A new study seems to show that Jews define themselves by community, just as I had written elsewhere. They belong to Jewish religious institutions even if they do not believe in god, because that is the only way to be Jewish.
I would think there is an opportunity here for non-religious Jewish organizations, but somehow, it is not happening it seems. It would seem to point out an urgent need for SECULAR Hebrew education and Jewish community institutions.
By Leon Cohen
of The Chronicle staff
"I am an out-and-out atheist. There's no doubt about that," said Madisonian Matthew Rothschild, editor of The Progressive magazine, during an interview with The Chronicle this past autumn.

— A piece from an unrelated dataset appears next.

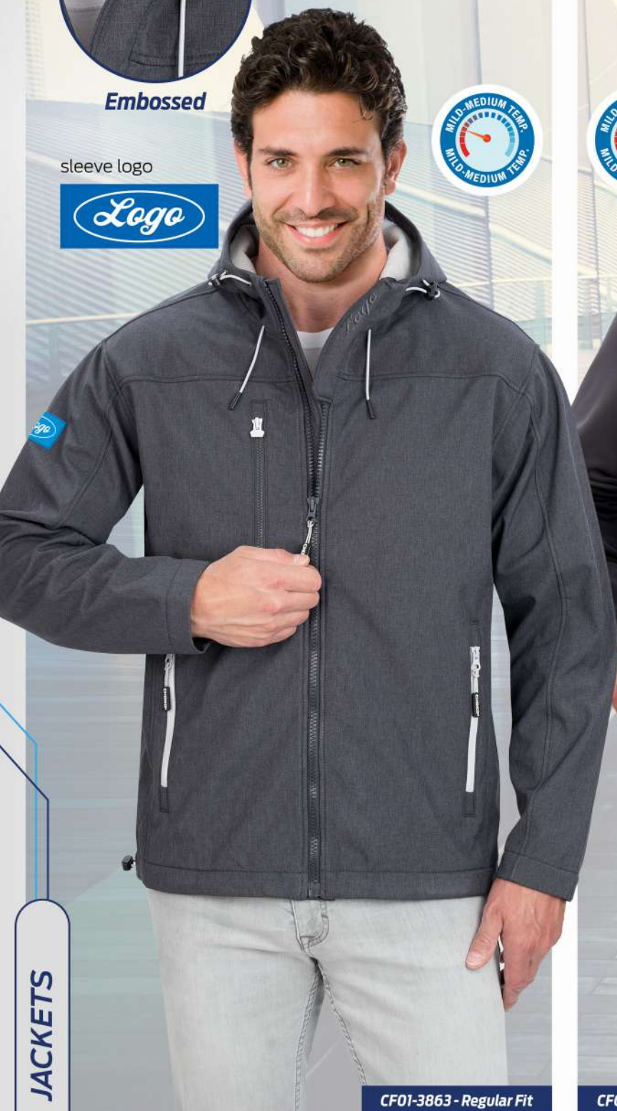
CF01-3863 - Regular Fit

Nevertheless, he also said, his family belonged for many years to Madison's Reform synagogue, Temple Beth El; and his three children received a Jewish education and had b'nai mitzvah ceremonies there.

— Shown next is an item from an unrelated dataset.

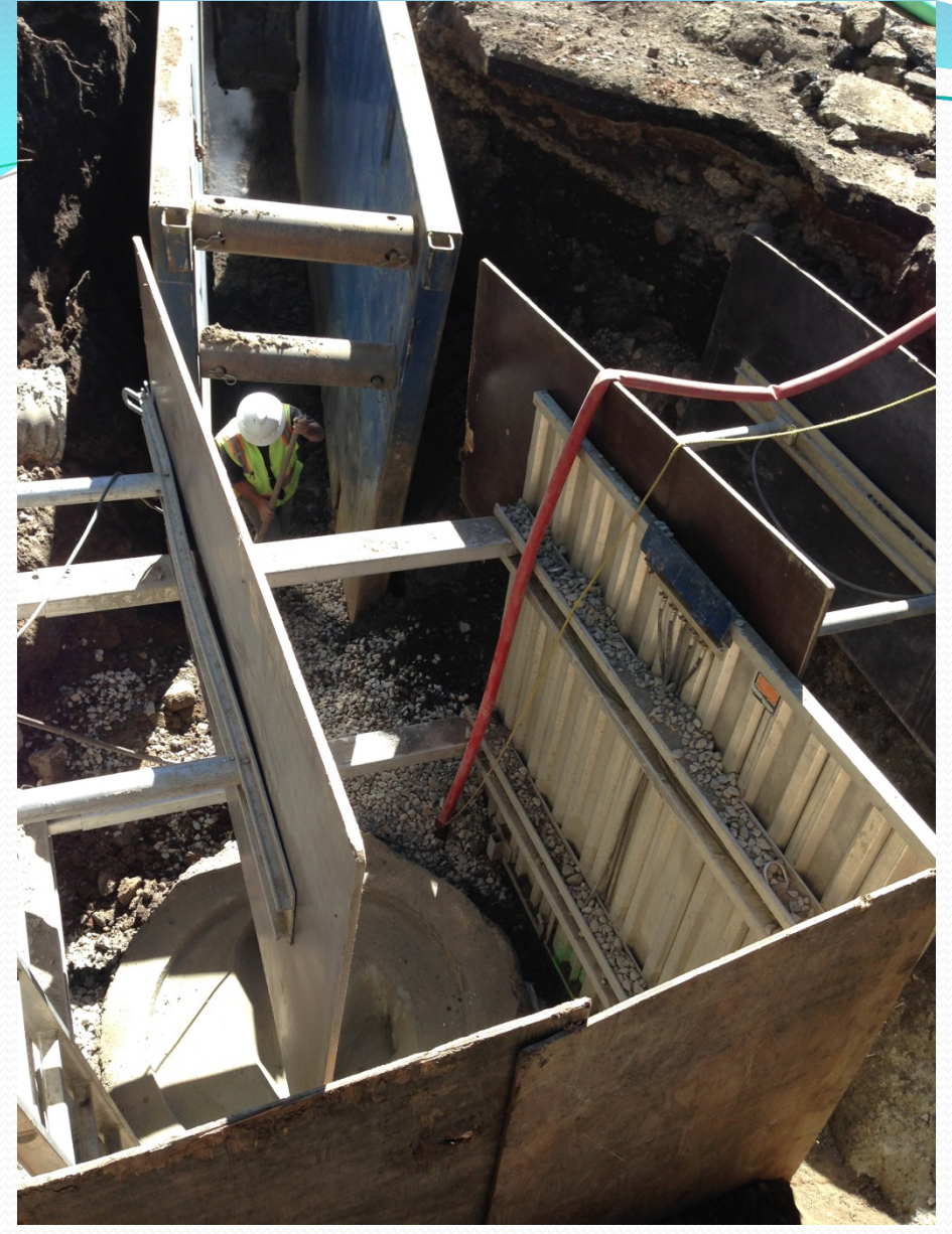
New sewer manhole base, ready for barrels and cone to be stacked; trench box; shoring

This situation seems to be contradictory or paradoxical; but many other American Jews apparently live in similar ways.
Or so contends a recent publication of the Florence G. Heller-JCC Association Research Center that is being disseminated by the Mandell L. Berman Institute North American Jewish Data Bank of the University of Connecticut.
The study is titled "Belonging Without Believing: Jews and their Distinctive Patterns of Religiosity — and Secularity." (The full text of the report can be seen online at www.jewishdatabank.org.)

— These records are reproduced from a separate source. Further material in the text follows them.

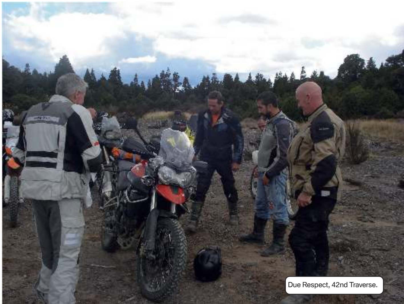
Due Respect, 42nd Traverse.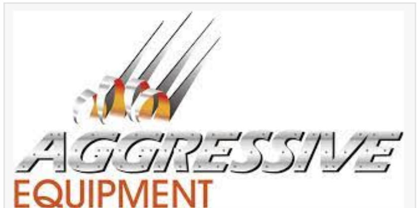
Aggressive Equipment Co. Logo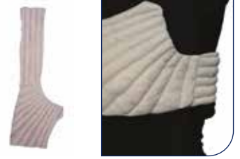
Chest-wall Pocket Pad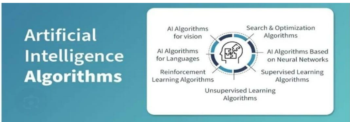
Figure 2: Artificial intelligence algorithms

really improvement specification - based through pharmacy technician besides delivering true additional insight [15] .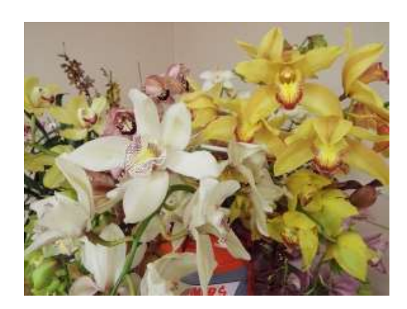
Figure 2 Misc. Cymbidiums from Bill Weaver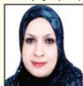
Twaij Ph. D (English) Iraq

Its authors — Prof. Steven M. Cohen and Lauren Blitzer — compiled data assembled by the Pew Forum on Religion and Public Life.
During the past year, the Pew Forum issued parts of its "U.S. Religious Landscape Survey." This was based on data from "an unusually large national sample of 35,000 respondents, including a representative sample of 682 Jews nationwide," according to the JCCA report.
That means, according to the report, "the Pew study represents the first time … that we can compare the religious beliefs and behavior of a large national sample of Jews with thousands of respondents from other religious groups. Most critically, all the respondents were asked the same wide array of questions in the same way at the same time."